# COLLECTED MATERIAL:
════════════════
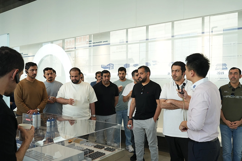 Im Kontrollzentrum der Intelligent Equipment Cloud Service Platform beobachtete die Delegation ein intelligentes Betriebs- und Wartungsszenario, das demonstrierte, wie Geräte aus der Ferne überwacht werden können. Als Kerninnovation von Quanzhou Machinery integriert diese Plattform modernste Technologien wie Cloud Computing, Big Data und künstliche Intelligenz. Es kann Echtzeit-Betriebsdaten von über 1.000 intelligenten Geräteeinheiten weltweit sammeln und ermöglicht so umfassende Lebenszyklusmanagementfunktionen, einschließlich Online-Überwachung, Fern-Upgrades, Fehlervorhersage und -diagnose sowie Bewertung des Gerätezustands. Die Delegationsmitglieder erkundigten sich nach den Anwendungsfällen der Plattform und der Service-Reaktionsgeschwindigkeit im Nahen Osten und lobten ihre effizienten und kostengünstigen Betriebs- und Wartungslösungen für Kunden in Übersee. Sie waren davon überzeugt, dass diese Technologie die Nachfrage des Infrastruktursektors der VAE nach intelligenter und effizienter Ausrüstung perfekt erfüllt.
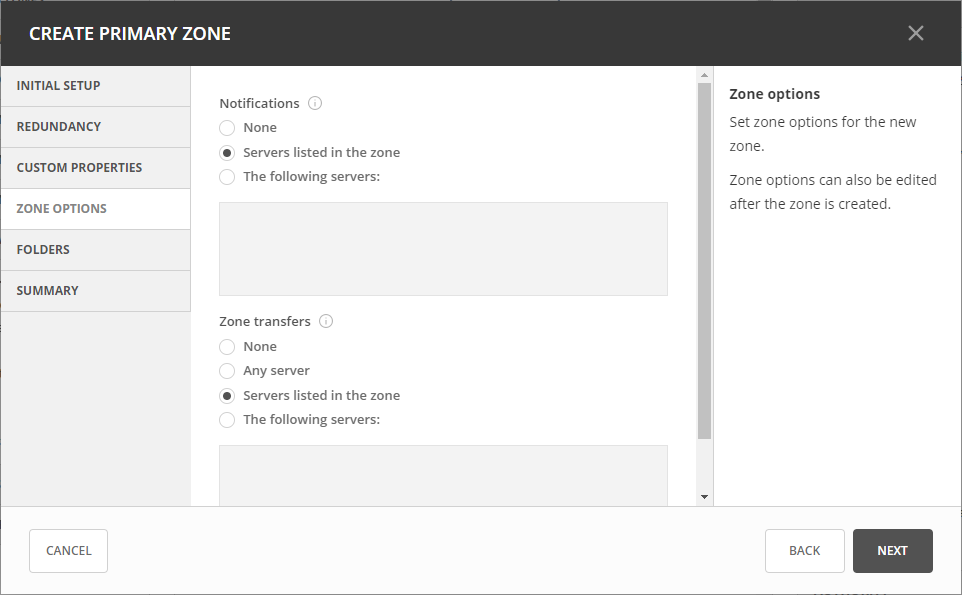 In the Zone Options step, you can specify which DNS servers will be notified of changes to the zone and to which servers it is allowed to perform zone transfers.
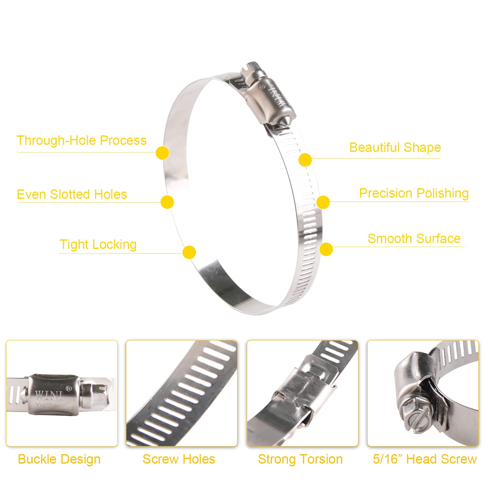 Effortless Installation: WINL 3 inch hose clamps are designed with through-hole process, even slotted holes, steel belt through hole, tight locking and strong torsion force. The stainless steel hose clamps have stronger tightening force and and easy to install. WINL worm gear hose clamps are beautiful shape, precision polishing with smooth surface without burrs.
════════════════
# EXERCISE OBJECTIVE:
Repeat the data exactly in full, omitting its pictures.

# THE ANSWER:
 Im Kontrollzentrum der Intelligent Equipment Cloud Service Platform beobachtete die Delegation ein intelligentes Betriebs- und Wartungsszenario, das demonstrierte, wie Geräte aus der Ferne überwacht werden können. Als Kerninnovation von Quanzhou Machinery integriert diese Plattform modernste Technologien wie Cloud Computing, Big Data und künstliche Intelligenz. Es kann Echtzeit-Betriebsdaten von über 1.000 intelligenten Geräteeinheiten weltweit sammeln und ermöglicht so umfassende Lebenszyklusmanagementfunktionen, einschließlich Online-Überwachung, Fern-Upgrades, Fehlervorhersage und -diagnose sowie Bewertung des Gerätezustands. Die Delegationsmitglieder erkundigten sich nach den Anwendungsfällen der Plattform und der Service-Reaktionsgeschwindigkeit im Nahen Osten und lobten ihre effizienten und kostengünstigen Betriebs- und Wartungslösungen für Kunden in Übersee. Sie waren davon überzeugt, dass diese Technologie die Nachfrage des Infrastruktursektors der VAE nach intelligenter und effizienter Ausrüstung perfekt erfüllt.
 In the Zone Options step, you can specify which DNS servers will be notified of changes to the zone and to which servers it is allowed to perform zone transfers.
 Effortless Installation: WINL 3 inch hose clamps are designed with through-hole process, even slotted holes, steel belt through hole, tight locking and strong torsion force. The stainless steel hose clamps have stronger tightening force and and easy to install. WINL worm gear hose clamps are beautiful shape, precision polishing with smooth surface without burrs.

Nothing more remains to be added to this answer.